__YOUR TASK__. Taking the entries below, transcribe only the lines starting with the one with "This Art Deco" and going on through the one with "SQUARE CAMOUFLAGE PAPER", exactly as written, without the pictures.

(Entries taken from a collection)
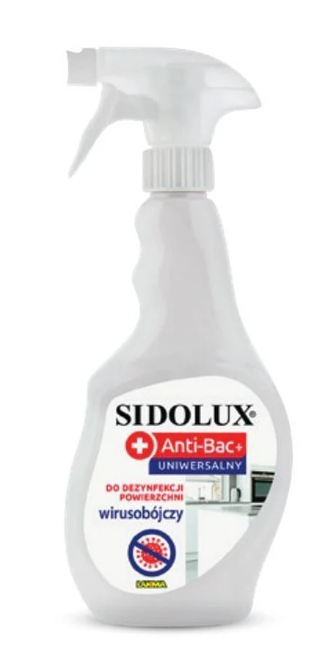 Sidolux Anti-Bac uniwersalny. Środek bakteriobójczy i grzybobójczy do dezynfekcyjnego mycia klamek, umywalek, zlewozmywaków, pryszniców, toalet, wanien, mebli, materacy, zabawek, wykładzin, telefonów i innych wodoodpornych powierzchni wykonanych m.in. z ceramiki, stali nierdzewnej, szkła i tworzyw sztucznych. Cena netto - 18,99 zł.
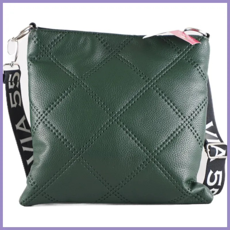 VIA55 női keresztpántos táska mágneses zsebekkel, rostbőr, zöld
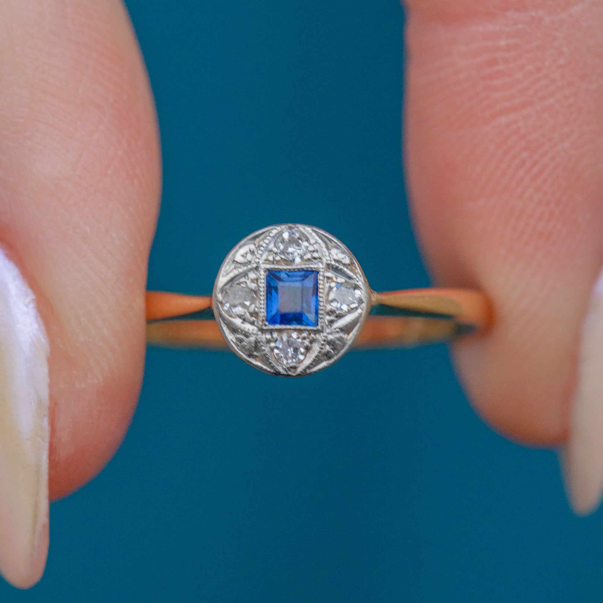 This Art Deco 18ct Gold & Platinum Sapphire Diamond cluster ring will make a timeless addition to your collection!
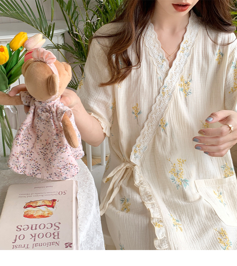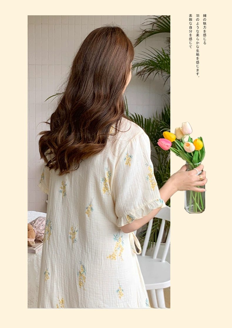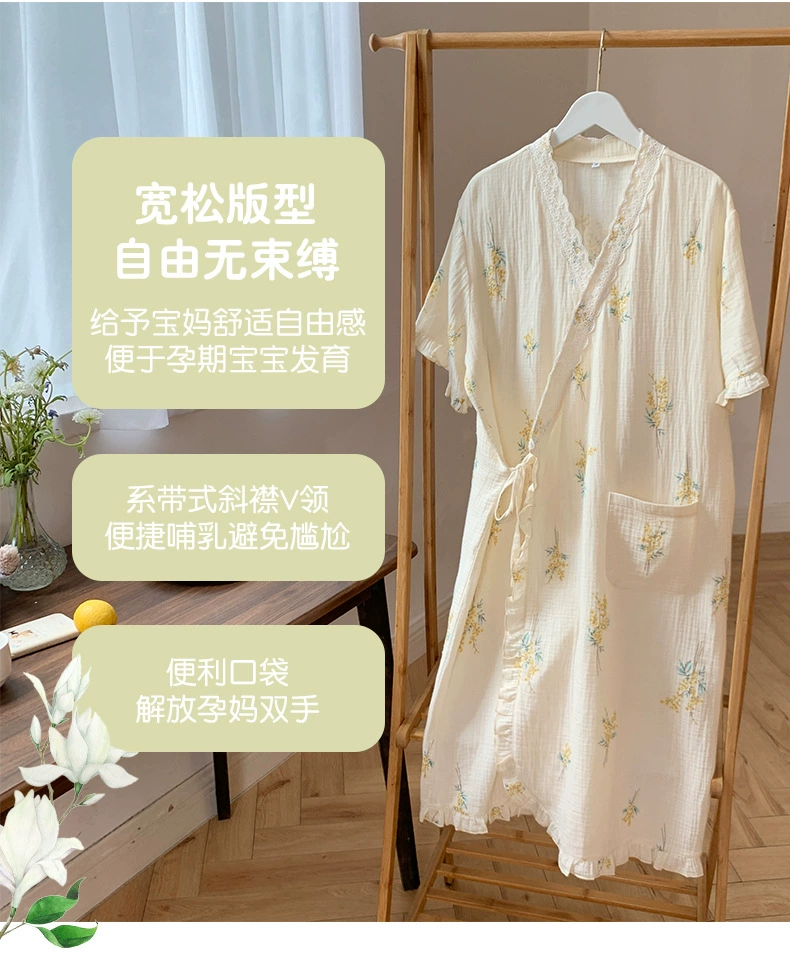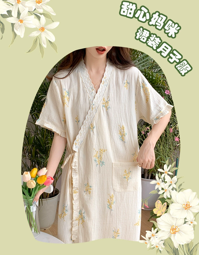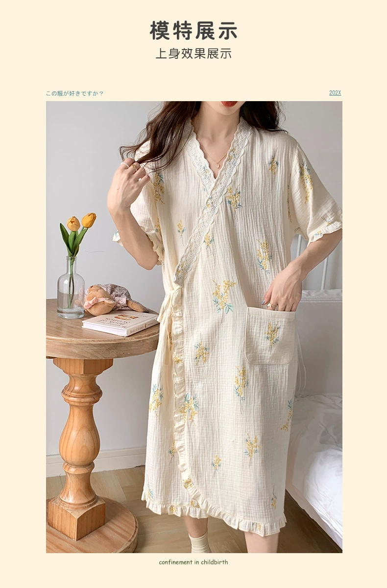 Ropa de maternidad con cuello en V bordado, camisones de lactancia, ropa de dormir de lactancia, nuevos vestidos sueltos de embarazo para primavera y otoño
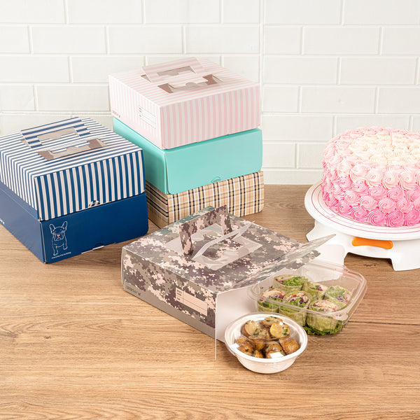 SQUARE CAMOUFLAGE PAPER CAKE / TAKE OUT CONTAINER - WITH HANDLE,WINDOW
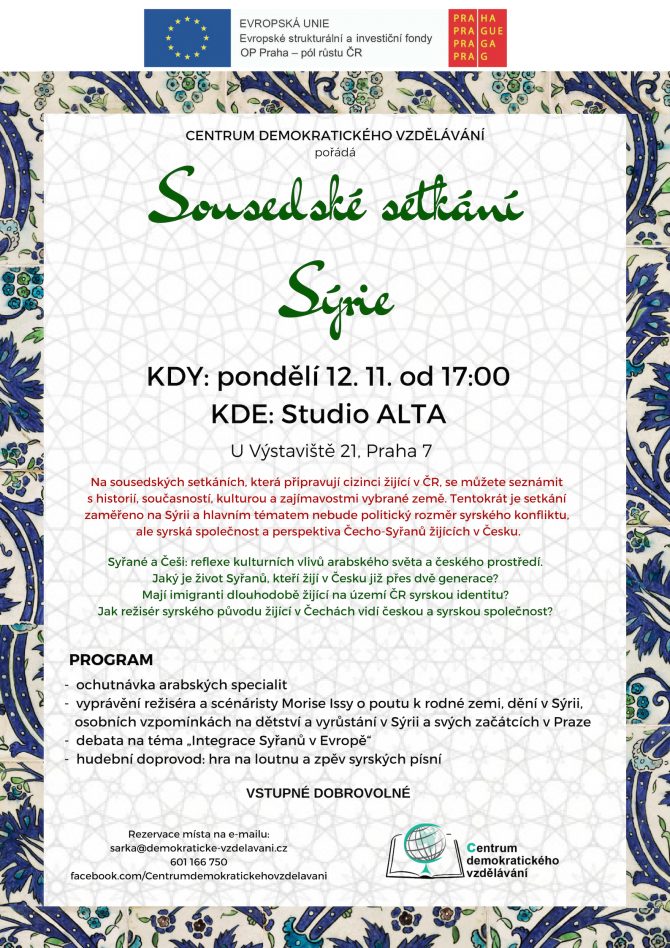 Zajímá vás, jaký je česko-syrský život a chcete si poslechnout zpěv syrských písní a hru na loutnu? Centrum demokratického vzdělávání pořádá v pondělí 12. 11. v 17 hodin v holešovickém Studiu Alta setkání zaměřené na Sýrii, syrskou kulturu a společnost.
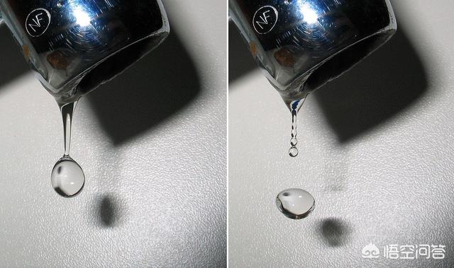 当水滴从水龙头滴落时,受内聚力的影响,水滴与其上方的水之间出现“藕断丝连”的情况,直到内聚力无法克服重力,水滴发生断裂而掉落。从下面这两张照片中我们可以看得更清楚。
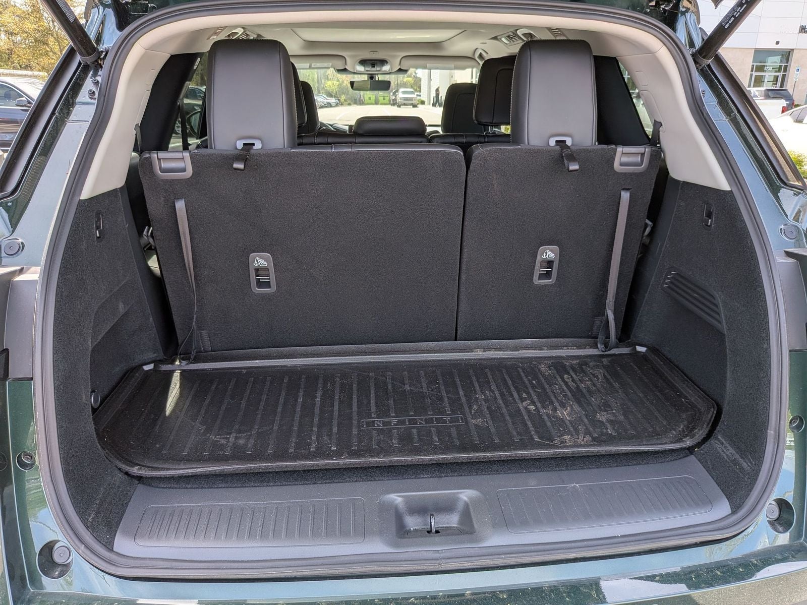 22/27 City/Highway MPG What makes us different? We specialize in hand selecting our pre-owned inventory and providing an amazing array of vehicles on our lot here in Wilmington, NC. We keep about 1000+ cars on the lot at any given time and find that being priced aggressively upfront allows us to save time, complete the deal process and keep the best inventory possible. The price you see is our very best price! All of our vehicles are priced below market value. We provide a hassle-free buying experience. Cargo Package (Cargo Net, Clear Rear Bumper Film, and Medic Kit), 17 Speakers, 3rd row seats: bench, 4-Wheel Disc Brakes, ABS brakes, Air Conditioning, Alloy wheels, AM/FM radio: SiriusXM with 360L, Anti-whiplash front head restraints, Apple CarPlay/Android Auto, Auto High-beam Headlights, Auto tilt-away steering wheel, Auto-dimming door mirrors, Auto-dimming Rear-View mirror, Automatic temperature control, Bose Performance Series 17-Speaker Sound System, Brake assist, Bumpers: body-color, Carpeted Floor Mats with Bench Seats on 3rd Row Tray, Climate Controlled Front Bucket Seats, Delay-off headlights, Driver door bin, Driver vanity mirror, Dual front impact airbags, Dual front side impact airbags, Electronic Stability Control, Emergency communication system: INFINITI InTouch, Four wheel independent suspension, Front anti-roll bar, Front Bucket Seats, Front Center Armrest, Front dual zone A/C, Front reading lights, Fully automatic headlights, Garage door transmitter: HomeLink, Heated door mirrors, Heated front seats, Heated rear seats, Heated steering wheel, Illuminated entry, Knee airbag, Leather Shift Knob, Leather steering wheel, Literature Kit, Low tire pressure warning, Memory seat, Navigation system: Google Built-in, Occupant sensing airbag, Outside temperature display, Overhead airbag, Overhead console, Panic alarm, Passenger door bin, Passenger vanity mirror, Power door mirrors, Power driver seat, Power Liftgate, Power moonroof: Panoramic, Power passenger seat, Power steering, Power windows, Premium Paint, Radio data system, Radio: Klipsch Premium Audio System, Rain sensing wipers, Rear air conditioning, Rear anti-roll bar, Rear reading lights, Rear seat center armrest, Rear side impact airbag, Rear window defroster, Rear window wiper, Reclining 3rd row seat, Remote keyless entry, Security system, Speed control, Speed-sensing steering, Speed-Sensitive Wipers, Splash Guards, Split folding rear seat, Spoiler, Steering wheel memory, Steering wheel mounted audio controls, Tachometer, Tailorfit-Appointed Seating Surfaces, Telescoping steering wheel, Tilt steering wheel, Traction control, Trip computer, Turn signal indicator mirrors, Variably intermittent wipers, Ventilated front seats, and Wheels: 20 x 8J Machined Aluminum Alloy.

__EXPECTED ANSWER__.
 This Art Deco 18ct Gold & Platinum Sapphire Diamond cluster ring will make a timeless addition to your collection!
 Ropa de maternidad con cuello en V bordado, camisones de lactancia, ropa de dormir de lactancia, nuevos vestidos sueltos de embarazo para primavera y otoño
 SQUARE CAMOUFLAGE PAPER CAKE / TAKE OUT CONTAINER - WITH HANDLE,WINDOW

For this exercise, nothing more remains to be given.